Some sources identify the period of the Golden Age of illustration
as a period between the 1880s
and the early 20th century; however,
it is likely that art historians will look back in the future to
see that it actually ran into that time when the computer took on
the tasks
of graphic artists. Many of those veteran illustrators as defined
here and those who passed on their skills to them* have proven themselves
to be on par with the best so-called fine artists that history has
produced. It just takes time and the passing of artists before
those
who are able to make a living at it** are
counted by many art historians as among the great.
Bob Glover, the
artist

* The picture below shows the faculty of the Famous
Artist Schools in the 1950s. The people shown are identified from top-left as
Jon
Whitcomb, Norman
Rockwell, Austin
Briggs, Fred
Ludekens, Edwin
Eberman, Robert
Fawcett and Albert
Dorne. Show next from left to
right are Harold
Von Schmidt, Dong
Kingman, Stevan
Dohanos, Alfred
Parker, Peter
Helck, Ben
Stahl and
Milton
K. Breslauer (Milton K. Breslauer 1901-1968?) Links
are Web queries for the names using the search
engine above. Displaying the picture does
not imply that Bob Glover used the GI Bill to pay for his education or training
as an artist.


** The following is a 1952 quote from Pablo Picasso about making a living as
an artist:
From the moment that art ceases to be
food that feeds the best minds, the artist can use his talents to perform
all the tricks of the intellectual charlatan. Most people can today
no longer expect to receive consolation and exaltation from art."

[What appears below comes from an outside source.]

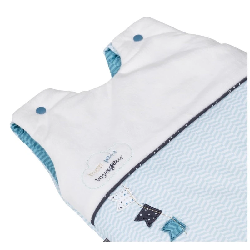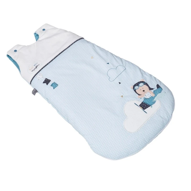Mix parfait entre chaleur, confort et design, la petite gigoteuse assortie Ă la collection Lazare de Sauthon est en velours sur le plastron et en popeline sur la reste de la surface. Parfaite pour les enfants de la naissance Ă 4 mois, la gigoteuse ouatinĂ©e New Lazare s’utilise en hiver pour couvrir bĂ©bĂ© dans son lit, il pourra gigoter Ă loisir sans jamais se dĂ©couvrir. Pour filer tout droit au pays des rĂȘves Sauthon a ornĂ© sa gigoteuse New Lazare du petit ourson pilote qui plane au milieu des nuages. La gigoteuse Naissance New Lazare est trĂšs simple d’utilisation avec ses boutons pression au niveau des Ă©paules et sa fermeture Ă©clair sur le cĂŽtĂ©, vous pourrez la manipuler sans rĂ©veiller bĂ©bĂ©. Pour un hiver bien au chaud, n’oubliez pas de glisser la gigoteuse ouatinĂ©e New Lazare dans votre liste de naissance.

The 'refined,' the rich, the professional 'do-nothings', the distillers of
quintessence desire only the peculiar, the sensational, the eccentric, the
scandalous in today's art. I myself, since the advent of Cubism, have fed
these fellows what they wanted and satisfied these critics with all the
ridiculous ideas that have passed through my mind." The less they
understood them, the more they admired me. Through amusing myself with
all these absurd farces, I became celebrated, and very rapidly. For a painter,
celebrity means sales and consequent affluence. Today, as you know, I am
celebrated, I am rich." But when I am alone, I do not have the
effrontery to consider myself an artist at all, not in the grand old meaning
of the word: Giotto, Titian, Rembrandt, Goya were great painters. I am only a
public clown--a mountebank." I have understood my time and have exploited
the imbecility, the vanity, the greed of my contemporaries. It is a bitter
confession, this confession of mine, more painful than it may seem. But at
least and at last it does have the merit of being honest.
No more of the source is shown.